Each of you is equally selective
Some people go through meeting a substantial number of people with online dating. That isn’t necessarily a bad thing (maybe it depends on the amount of time for the number of people.) It really is vital to give each individual a fair chance.
Still, at the same time, some people genuinely know what they’re looking for and can tell within the first few minutes whether someone has those qualities.
When you’re messaging someone you believe you’re developing a crush for, it’s good to have a similar selection process and maybe have gone through a comparable number of people through your selective processes.
You will both likely have a list of information, maybe not the exact details. But the sort of criteria you hope for in a mate. Neither of you is willing to budge on those qualities for the person you eventually settle down with.
That might mean you meet and greet many people or will be selective about who you meet. But the fact that each of you has the same quality will likely translate into having commonalities in other areas as well.
What happens when you go offline
When an online partner makes arrangements to meet and together you decide it might be worthwhile to try dating, what happens to the online dating profiles?
It could depend if you’re still unsure if this person is authentic. If they haven’t given you a reason to believe they feel the same “crush” you’re having, you might find they have a bit of a problem letting go of their online persona.
That would mean they’re still at least checking out other options even if they’re not actually talking to other people.
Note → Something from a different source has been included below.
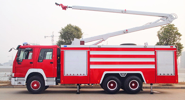舉高噴射消防車:簡稱高噴消防車、是一款非常多功能的救援類車型,由于普通水罐消防車、泡沫消防車只能從原地射水進(jìn)行滅火,在有些比較復(fù)雜的地方比較局限,而高噴的作用是可以將消防炮高高的舉起,可以精確的對著火點(diǎn)進(jìn)行快速的滅火,使得火情可以得到有效的撲滅。所以一般大型消防隊(duì)都有配備的!它是由折疊伸縮臂結(jié)構(gòu)、電動遙控消防炮、罐體及二類底盤組成,臂架為基本臂(二節(jié)臂、三節(jié)臂、四節(jié)臂),臂端安裝進(jìn)口的電子遙控消防炮,消防隊(duì)員通過電動遙控遙控消防炮在高空中從多個角度靈活地噴霧、噴水或者噴射泡沫進(jìn)行撲救一般火災(zāi)。

An excellent way to tell that someone is the right one is after spending some time going out together, you both decide at the same time that it’s time to go offline with the dating sites and apps.
That speaks volumes for your commitment as a couple since you’re letting go of the potential for dating other people, as is your new partner. And each is doing so willingly and happily. But if you discover that the person you met online and loved is not the real one you see in front of you, you may need to lose feelings because they lied to you the same way as other females and men.
When you meet someone online and develop a crush, fortunately, there are more precautions on the dating websites and social apps on the market today to help protect users. So you can worry a little less about that crush possibly being a fraud.
Acting on the side of caution, it’s wise not to get caught up in the crush when someone appears not to be as involved as you are. Maybe the individual offers very few personal details about themself or their life or has a flawless picture resembling a glamour shot instead of something natural and relatable.
As noted, there will be signs someone is crushing back on you. Don’t waste your time “investigating” an aloof dating partner or one who keeps disappearing. No one is worth that time you’re wasting in your life. Spend it with someone genuine.